Pasé el fin de semana leyendo a dos mujeres. Una es Patti Smith, que acaba de publicar Eramos unos niños, libro de memorias centrado en su relación con Robert Mapplethorpe que narra el ascenso de dos provincianos al estrellato en el ancho y feroz mundo del arte y la opulencia neoyorquinos. El documental Dream of Life, visto en el Bafici 2009, nos había hecho sospechar de la autora: es una especie de monumento que Smith se dedica en vida, donde necesita demostrar en cada plano cuán querida es por otra gente famosa. Si Eramos unos niños tuviera un índice onomástico, se parecería a una guía de celebridades.
Esta doble biografía cuenta cómo Smith y Mapplethrope –dos artistas dotados pero sin medios– pasaron hambre y privaciones hasta ser reconocidos tras encontrar la disciplina en la que lograron sobresalir: Mapplethorpe quería ser artista visual pero triunfó como fotógrafo mientras que Smith era poeta y dibujante antes de convertirse en estrella de rock’n roll. Curiosamente, aunque le declara su amor a Mapplethorpe en cada página, Smith no puede evitar que aflore la competencia. Describe a su amigo como un arribista social dispuesto a todo y hacia el final del libro le hace reconocer la derrota: “Patti –dijo arrastrando la voz–, te has hecho famosa antes que yo”. Más innecesaria es esta declaración revanchista: “No siento ninguna necesidad de justificarme por ser una de las pocas supervivientes. Habría preferido verlos triunfar a todos, que alcanzaran el éxito. Al final fui yo quien tenía uno de los caballos ganadores”.

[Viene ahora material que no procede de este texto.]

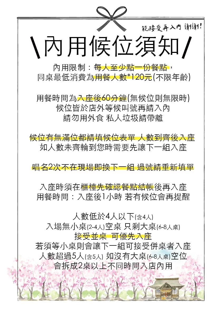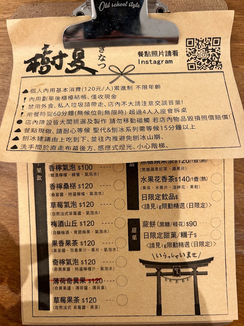 ?販售包括日式團子、刨冰及各式飲品,內用低消120元,按人頭累計。

Patti Smith no escribe bien pero lo peor de su prosa son las frecuentes incursiones en la cursilería: “En Washington Square aún percibía los personajes de Henry James y la presencia del propio autor”. “Había dejado de nevar y parecería que la ciudad entera, en conmemoración de Andy, estuviera cubierta por un manto de nieve intacta, blanca y evanescente como sus cabellos.” Frente a tanta familiaridad con los próceres, la otra mujer se hace aun más interesante porque habla del mismo medio antes del rock, antes de Warhol, antes de que todo el mundo se diera cuenta de que el arte, la moda, la fama, el dinero y la jerarquía social eran miembros de la misma familia, antes de que los personajes de los libros pasaran más páginas vistiéndose que desvistiéndose, como ocurre en Eramos niños. En Personajes secundarios, Joyce Johnson se ocupa de sus propios veinte años, de su necesidad de huir de la familia y de un destino gris como parte de “los miles que estaban esperando a un profeta que los liberara de las prudentes vidas de clase media que habían sido educados para heredar”. Su profeta fue Jack Kerouac, con quien Johnson tuvo una breve relación sentimental constantemente amenazada por el alcohol, la suegra y la banda de amigotes que rodeaban al escritor, quienes no simpatizaban con las mujeres y las condenaban a un eterno segundo plano. Si Smith se adaptó a estas reglas misóginas explotando la androginia, su precursora Johnson contó lo que significaba ser una mujer con aspiraciones literarias en los años cincuenta. Lo hizo con gran encanto, con orgullosa modestia, con una escritura fluida y desde la lúcida perspectiva de que la vida de los artistas es un mito ajeno e impenetrable al que nunca se termina de acceder. Incluso Kerouac –al que Johnson retrata sin remilgos pero con gran ternura– sabía que la fama era un gran error y un monstruo inmanejable. Smith, en cambio, cree que la condición del artista es un bien inmueble que se compra con talento. Acaso la página más sincera de su libro es aquella en la que Mapplethorpe le pregunta desde el lecho de muerte si el arte no los ha engañado, hipótesis que ella rechaza de plano pero explica una insatisfacción que su fatigoso exhibicionismo no llega a compensar.